IPUMS Excellence In Research Awards Winners:
The IPUMS mission of democratizing data demands that we increase representation of scholars from groups that are systemically excluded in research spaces. This award is an opportunity to highlight and reward outstanding work using any of the IPUMS data collections by authors who are underrepresented in social science research*.
Published Research:
Paolo Nicola Barbieri and Hieu M.Nguyen
When in America, do as the Americans? The evolution of health behaviors and outcomes across immigrant cohorts
The authors use 30 years of IPUMS NHIS data to add nuance to the "immigrant paradox" literature by examining composition and assimilation of immigrant cohorts over time with regard to health behaviors and conditions. Despite noting some heterogeneity in health patterns and cohort composition, they find immigrants generally "de-assimilate" unhealthy behaviors (smoking and drinking) yet still converge towards the poorer health outcomes of American natives (as measured by asthma, vision problems, and coronary heart conditions).
Student Research (TIE):
Ziyao Tian
Intergenerational Social Mobility of Asian Americans Under the Shadow of Asian Exclusion (1882–1943)

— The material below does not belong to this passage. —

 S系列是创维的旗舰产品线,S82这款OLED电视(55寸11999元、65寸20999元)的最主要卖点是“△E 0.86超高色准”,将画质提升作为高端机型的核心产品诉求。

The authors use linked census data from 1900-1940 to explore the previously elusive question of intergenerational mobility among Asian Americans in the early 20th century. Their contrasting findings on educational and socioeconomic mobility and their changes over time lay bare the importance of discriminatory policies in moderating the relationship between education and economic success.
Danyang Zhang
Marriage Market Signaling and Women’s Occupation Choice
Using data from eight decennial censuses and over three decades of the CPS, the author proposes a new model for understanding gender disparities in the labor market that focuses on caregiving occupations. Hypothesizing that occupational choice includes a signaling game to potential marriage partners, the paper finds that women's selection into caregiving occupations is responsive to marriage rates, divorce legislation, and the sex ratio of immigrants.

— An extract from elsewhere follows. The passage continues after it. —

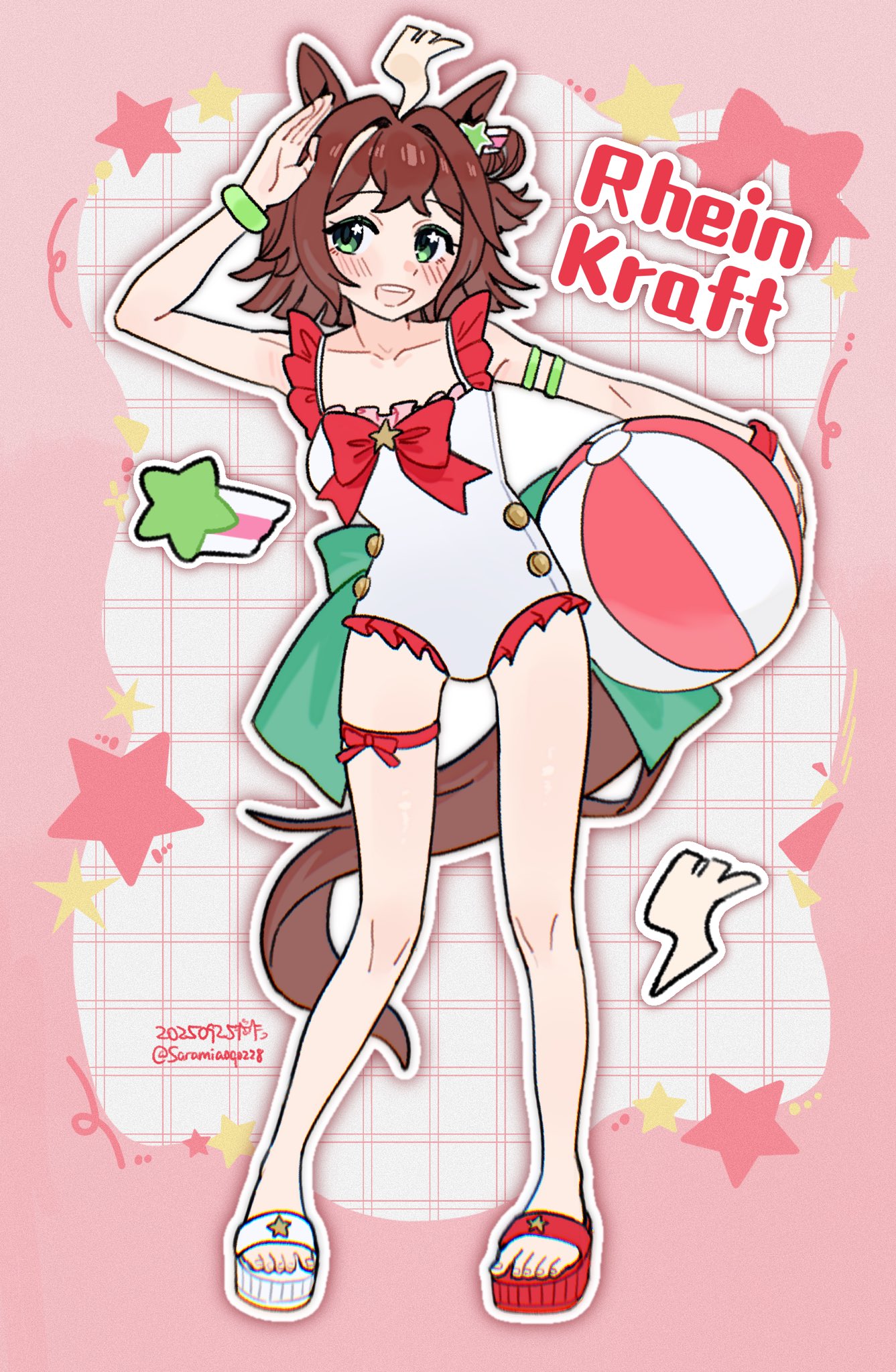 1girlahogealternate costumeanimal earsballblushbreastscharacter namecollarbonedatedgreen eyeshorse earshorse girlhorse tailmedium breastsopen mouthsandalssimple backgroundsoloswimsuittailteethtwitter usernameupper teeth only

*Because IPUMS is based in the United States, we often include persons who identify as Black/African American, Indigenous, Hispanic/Latino/a/x, Asian American, first-generation college graduates or students, LGBTQ persons, or persons with disabilities in our definition of systemically excluded groups. We recognize for scholars outside of the U.S., in particular, this list may not capture discrimination in their social contexts, and encourage submissions from persons who identify with a group that has been systemically excluded even if it is not explicitly listed here.